Your instructions: Every line of the data should be written out exactly, with the pictures left out.

Data for processing Block Start

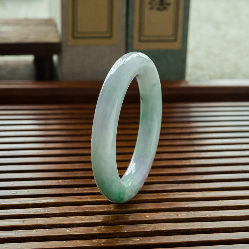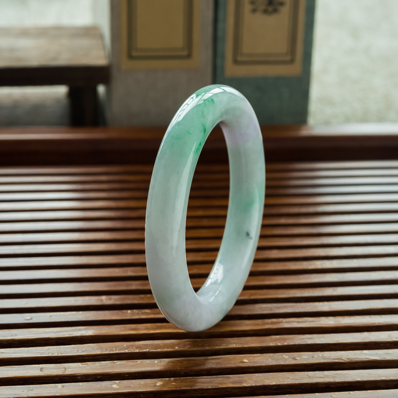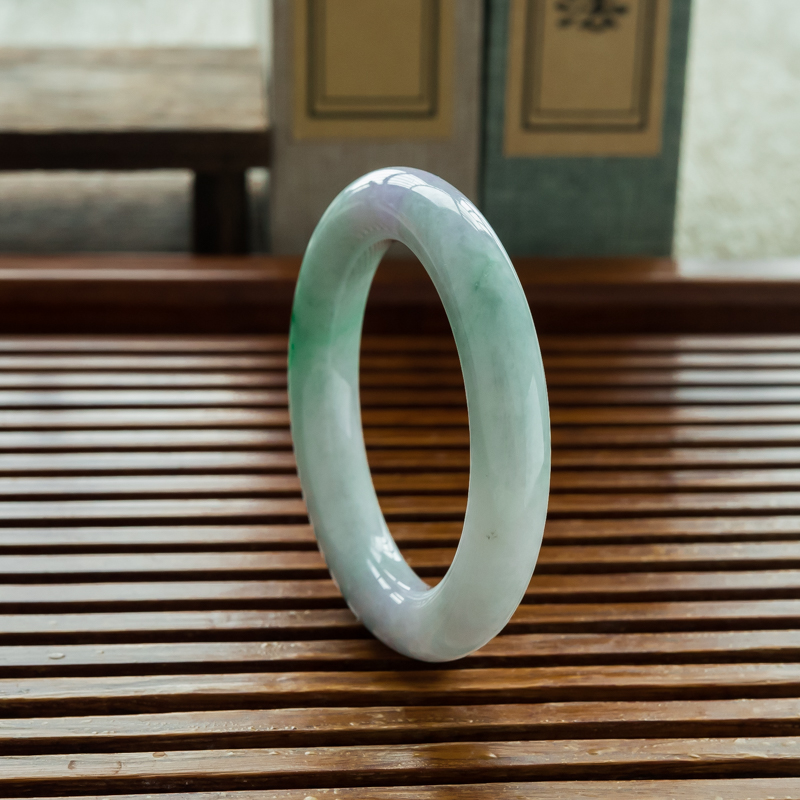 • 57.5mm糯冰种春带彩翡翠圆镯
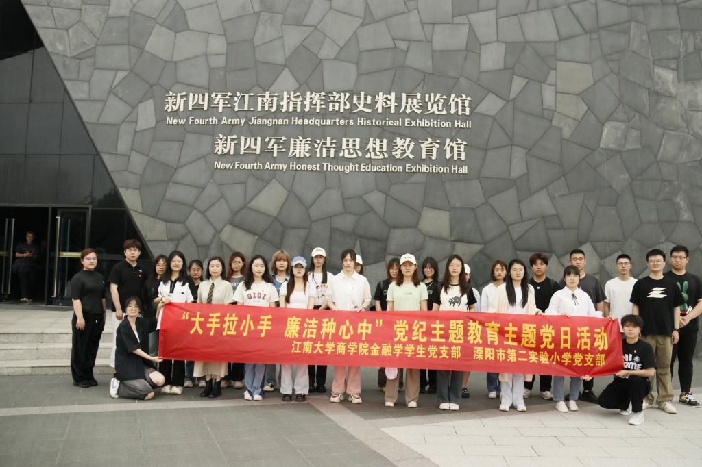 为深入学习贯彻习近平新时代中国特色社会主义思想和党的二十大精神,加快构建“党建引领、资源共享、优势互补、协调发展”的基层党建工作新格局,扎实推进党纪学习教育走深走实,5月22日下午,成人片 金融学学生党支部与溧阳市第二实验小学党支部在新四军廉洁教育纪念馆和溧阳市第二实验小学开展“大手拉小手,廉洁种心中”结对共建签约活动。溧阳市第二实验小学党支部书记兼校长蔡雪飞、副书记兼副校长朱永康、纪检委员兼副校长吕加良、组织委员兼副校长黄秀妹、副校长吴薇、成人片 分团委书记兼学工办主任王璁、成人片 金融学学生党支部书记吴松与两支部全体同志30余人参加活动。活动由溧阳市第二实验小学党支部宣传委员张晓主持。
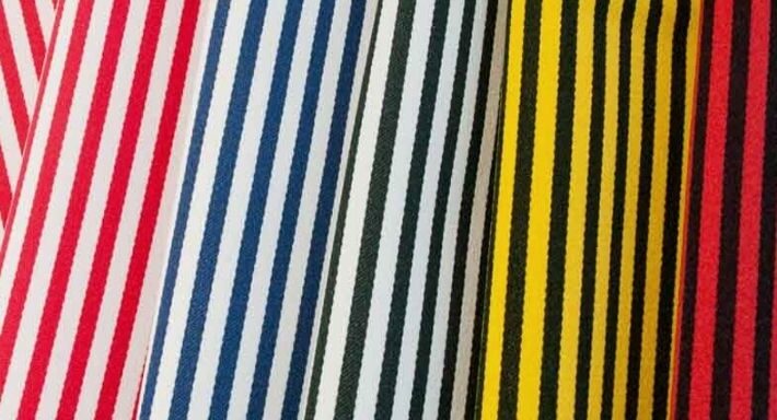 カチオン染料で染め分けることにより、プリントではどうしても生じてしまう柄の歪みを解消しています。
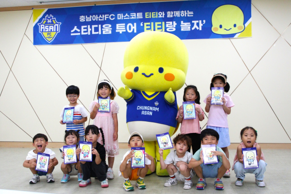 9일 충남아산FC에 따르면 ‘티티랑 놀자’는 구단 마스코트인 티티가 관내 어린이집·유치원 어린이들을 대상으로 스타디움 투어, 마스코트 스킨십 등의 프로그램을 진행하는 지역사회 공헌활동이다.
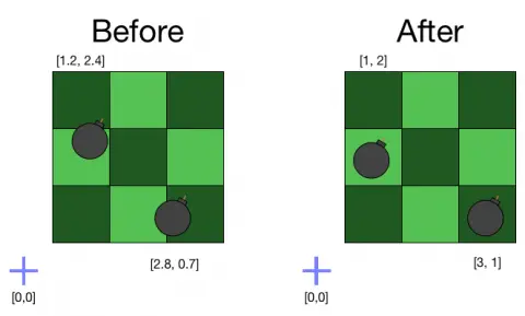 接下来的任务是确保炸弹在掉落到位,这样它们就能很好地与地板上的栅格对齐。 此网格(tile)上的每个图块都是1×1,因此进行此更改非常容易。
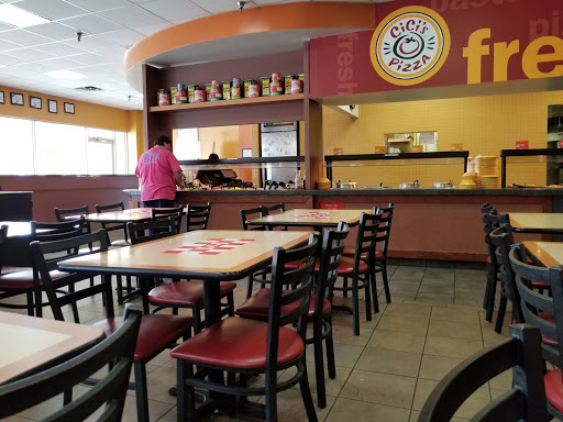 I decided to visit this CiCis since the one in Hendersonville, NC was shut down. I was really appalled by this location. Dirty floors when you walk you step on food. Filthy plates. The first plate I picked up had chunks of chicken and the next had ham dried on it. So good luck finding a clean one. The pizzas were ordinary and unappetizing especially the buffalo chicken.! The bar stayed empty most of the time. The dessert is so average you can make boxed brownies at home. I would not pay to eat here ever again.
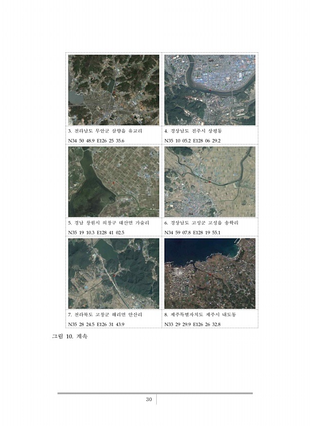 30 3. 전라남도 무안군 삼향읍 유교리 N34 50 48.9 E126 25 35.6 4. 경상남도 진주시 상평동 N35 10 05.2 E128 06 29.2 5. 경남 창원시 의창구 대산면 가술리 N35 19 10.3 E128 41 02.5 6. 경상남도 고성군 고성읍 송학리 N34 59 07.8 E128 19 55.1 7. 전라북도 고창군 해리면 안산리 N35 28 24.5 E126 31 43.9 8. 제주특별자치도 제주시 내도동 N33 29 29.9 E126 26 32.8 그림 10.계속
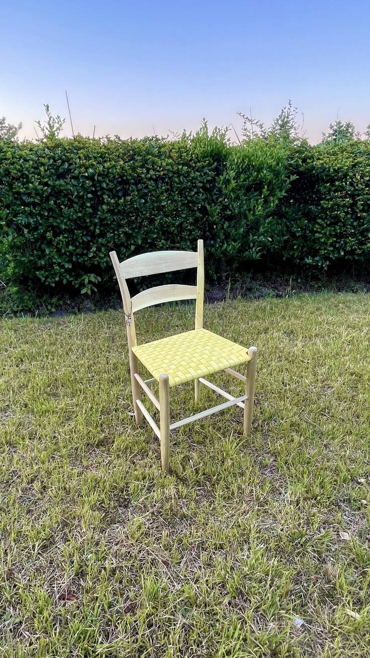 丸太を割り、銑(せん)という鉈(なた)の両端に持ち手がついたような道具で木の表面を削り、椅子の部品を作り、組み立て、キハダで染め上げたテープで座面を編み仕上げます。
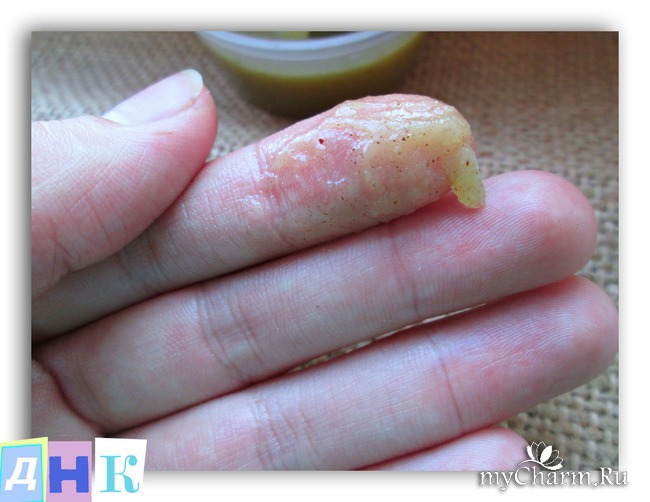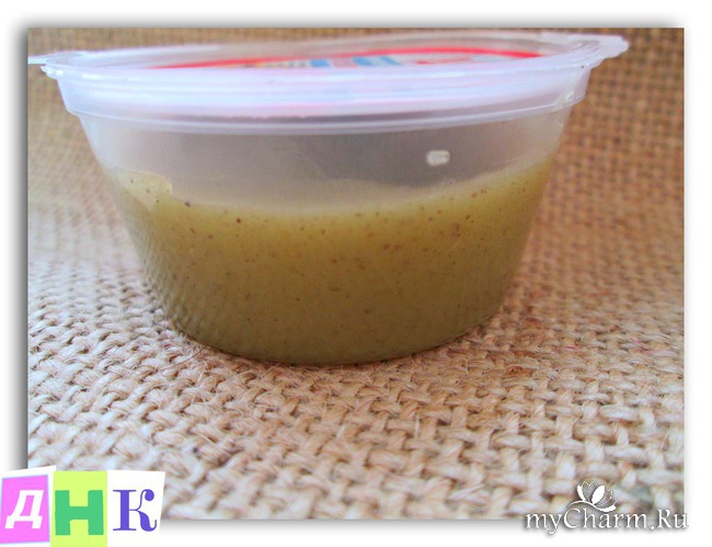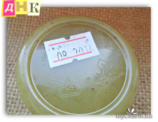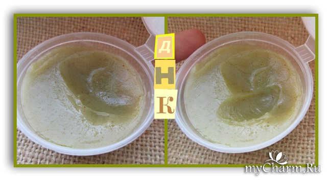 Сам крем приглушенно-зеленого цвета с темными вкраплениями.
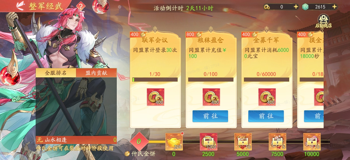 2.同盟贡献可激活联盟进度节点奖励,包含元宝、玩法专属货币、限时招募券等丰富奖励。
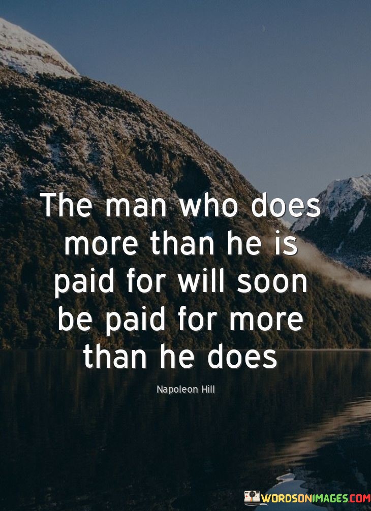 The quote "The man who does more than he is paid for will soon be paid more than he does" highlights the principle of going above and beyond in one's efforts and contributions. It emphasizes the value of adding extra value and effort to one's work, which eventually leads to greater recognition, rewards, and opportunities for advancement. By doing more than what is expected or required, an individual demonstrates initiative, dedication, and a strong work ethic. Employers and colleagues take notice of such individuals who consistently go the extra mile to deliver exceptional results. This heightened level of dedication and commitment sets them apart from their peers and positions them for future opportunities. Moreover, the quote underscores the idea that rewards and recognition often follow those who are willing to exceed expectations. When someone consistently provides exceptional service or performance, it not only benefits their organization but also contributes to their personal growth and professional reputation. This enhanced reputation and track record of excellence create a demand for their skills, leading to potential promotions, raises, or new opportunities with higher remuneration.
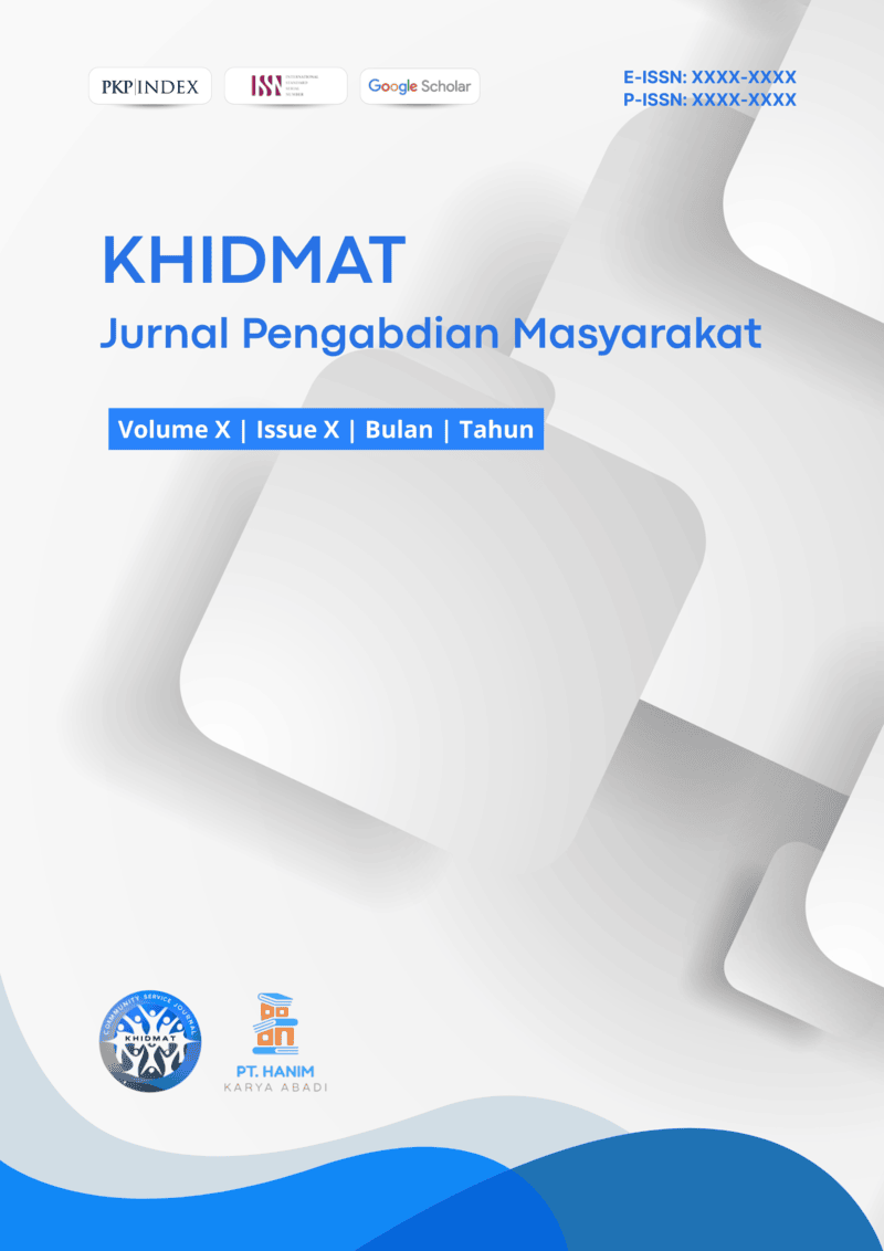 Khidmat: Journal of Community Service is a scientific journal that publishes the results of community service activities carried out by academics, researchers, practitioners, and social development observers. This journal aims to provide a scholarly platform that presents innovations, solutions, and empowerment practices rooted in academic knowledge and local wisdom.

Data for processing Block End

Output:
 • 57.5mm糯冰种春带彩翡翠圆镯
 为深入学习贯彻习近平新时代中国特色社会主义思想和党的二十大精神,加快构建“党建引领、资源共享、优势互补、协调发展”的基层党建工作新格局,扎实推进党纪学习教育走深走实,5月22日下午,成人片 金融学学生党支部与溧阳市第二实验小学党支部在新四军廉洁教育纪念馆和溧阳市第二实验小学开展“大手拉小手,廉洁种心中”结对共建签约活动。溧阳市第二实验小学党支部书记兼校长蔡雪飞、副书记兼副校长朱永康、纪检委员兼副校长吕加良、组织委员兼副校长黄秀妹、副校长吴薇、成人片 分团委书记兼学工办主任王璁、成人片 金融学学生党支部书记吴松与两支部全体同志30余人参加活动。活动由溧阳市第二实验小学党支部宣传委员张晓主持。
 カチオン染料で染め分けることにより、プリントではどうしても生じてしまう柄の歪みを解消しています。
 9일 충남아산FC에 따르면 ‘티티랑 놀자’는 구단 마스코트인 티티가 관내 어린이집·유치원 어린이들을 대상으로 스타디움 투어, 마스코트 스킨십 등의 프로그램을 진행하는 지역사회 공헌활동이다.
 接下来的任务是确保炸弹在掉落到位,这样它们就能很好地与地板上的栅格对齐。 此网格(tile)上的每个图块都是1×1,因此进行此更改非常容易。
 I decided to visit this CiCis since the one in Hendersonville, NC was shut down. I was really appalled by this location. Dirty floors when you walk you step on food. Filthy plates. The first plate I picked up had chunks of chicken and the next had ham dried on it. So good luck finding a clean one. The pizzas were ordinary and unappetizing especially the buffalo chicken.! The bar stayed empty most of the time. The dessert is so average you can make boxed brownies at home. I would not pay to eat here ever again.
 30 3. 전라남도 무안군 삼향읍 유교리 N34 50 48.9 E126 25 35.6 4. 경상남도 진주시 상평동 N35 10 05.2 E128 06 29.2 5. 경남 창원시 의창구 대산면 가술리 N35 19 10.3 E128 41 02.5 6. 경상남도 고성군 고성읍 송학리 N34 59 07.8 E128 19 55.1 7. 전라북도 고창군 해리면 안산리 N35 28 24.5 E126 31 43.9 8. 제주특별자치도 제주시 내도동 N33 29 29.9 E126 26 32.8 그림 10.계속
 丸太を割り、銑(せん)という鉈(なた)の両端に持ち手がついたような道具で木の表面を削り、椅子の部品を作り、組み立て、キハダで染め上げたテープで座面を編み仕上げます。
 Сам крем приглушенно-зеленого цвета с темными вкраплениями.
 2.同盟贡献可激活联盟进度节点奖励,包含元宝、玩法专属货币、限时招募券等丰富奖励。
 The quote "The man who does more than he is paid for will soon be paid more than he does" highlights the principle of going above and beyond in one's efforts and contributions. It emphasizes the value of adding extra value and effort to one's work, which eventually leads to greater recognition, rewards, and opportunities for advancement. By doing more than what is expected or required, an individual demonstrates initiative, dedication, and a strong work ethic. Employers and colleagues take notice of such individuals who consistently go the extra mile to deliver exceptional results. This heightened level of dedication and commitment sets them apart from their peers and positions them for future opportunities. Moreover, the quote underscores the idea that rewards and recognition often follow those who are willing to exceed expectations. When someone consistently provides exceptional service or performance, it not only benefits their organization but also contributes to their personal growth and professional reputation. This enhanced reputation and track record of excellence create a demand for their skills, leading to potential promotions, raises, or new opportunities with higher remuneration.
 Khidmat: Journal of Community Service is a scientific journal that publishes the results of community service activities carried out by academics, researchers, practitioners, and social development observers. This journal aims to provide a scholarly platform that presents innovations, solutions, and empowerment practices rooted in academic knowledge and local wisdom.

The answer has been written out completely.